# [Exercise]
There are pictures in the records below; leave them out and set down exactly the lines from the one holding "계산할 때 요구르트도" through the one holding "Большая кукла 60".

# [Provided data]
-=-=-
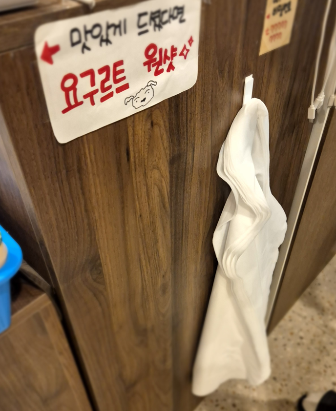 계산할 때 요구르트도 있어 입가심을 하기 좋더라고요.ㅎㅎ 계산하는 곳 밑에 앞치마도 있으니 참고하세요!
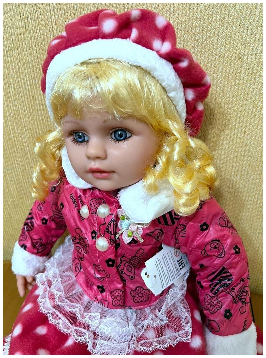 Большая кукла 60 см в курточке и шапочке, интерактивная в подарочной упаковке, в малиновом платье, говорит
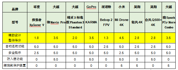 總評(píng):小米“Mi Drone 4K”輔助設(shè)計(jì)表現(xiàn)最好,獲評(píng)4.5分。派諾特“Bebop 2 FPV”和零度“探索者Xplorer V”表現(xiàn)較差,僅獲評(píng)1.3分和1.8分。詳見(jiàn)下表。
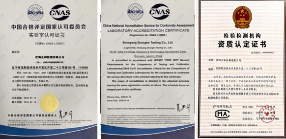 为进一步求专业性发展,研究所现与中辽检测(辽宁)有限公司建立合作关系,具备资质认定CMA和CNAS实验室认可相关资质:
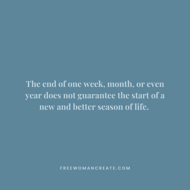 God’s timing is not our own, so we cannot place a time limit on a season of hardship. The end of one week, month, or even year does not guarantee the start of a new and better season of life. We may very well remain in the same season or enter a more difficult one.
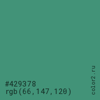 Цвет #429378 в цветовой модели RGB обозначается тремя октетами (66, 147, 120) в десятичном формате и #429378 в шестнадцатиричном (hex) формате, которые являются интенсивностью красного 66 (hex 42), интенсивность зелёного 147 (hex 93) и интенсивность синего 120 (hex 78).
-=-=-
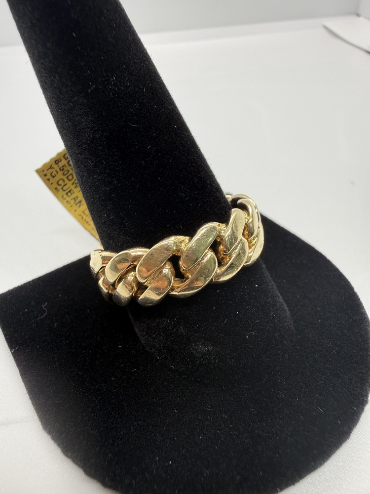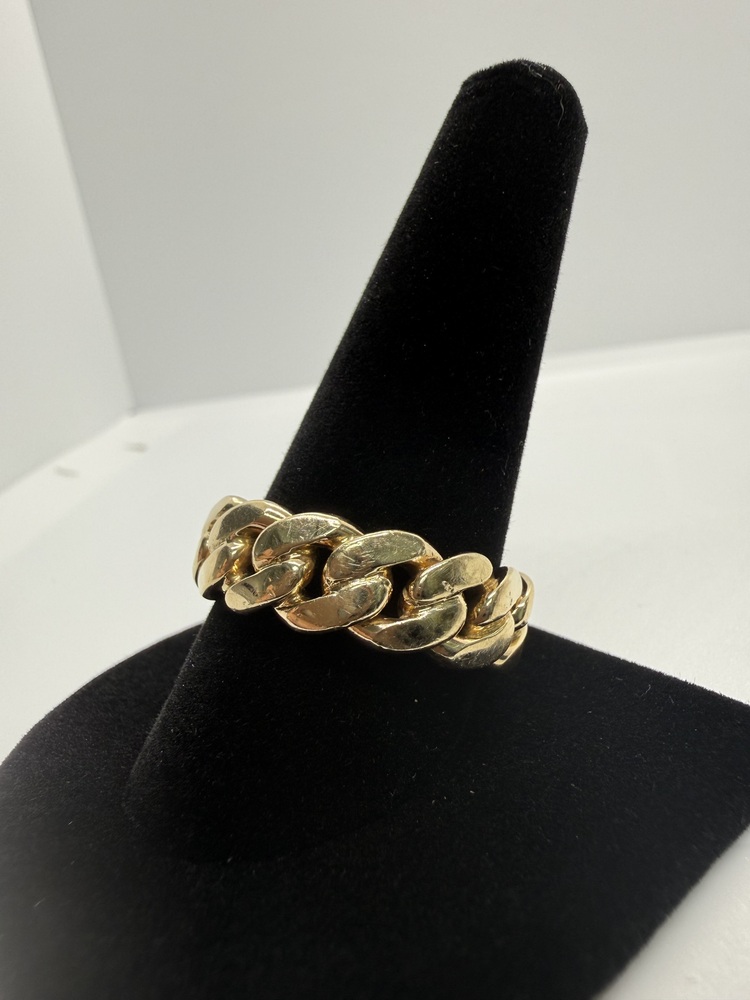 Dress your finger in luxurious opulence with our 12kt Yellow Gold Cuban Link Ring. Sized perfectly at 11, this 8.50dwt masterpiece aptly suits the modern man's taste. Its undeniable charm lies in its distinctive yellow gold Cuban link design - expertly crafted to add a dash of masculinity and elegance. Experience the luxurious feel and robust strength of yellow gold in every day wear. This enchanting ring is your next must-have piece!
-=-=-
# [Response for this exercise]
 계산할 때 요구르트도 있어 입가심을 하기 좋더라고요.ㅎㅎ 계산하는 곳 밑에 앞치마도 있으니 참고하세요!
 Большая кукла 60 см в курточке и шапочке, интерактивная в подарочной упаковке, в малиновом платье, говорит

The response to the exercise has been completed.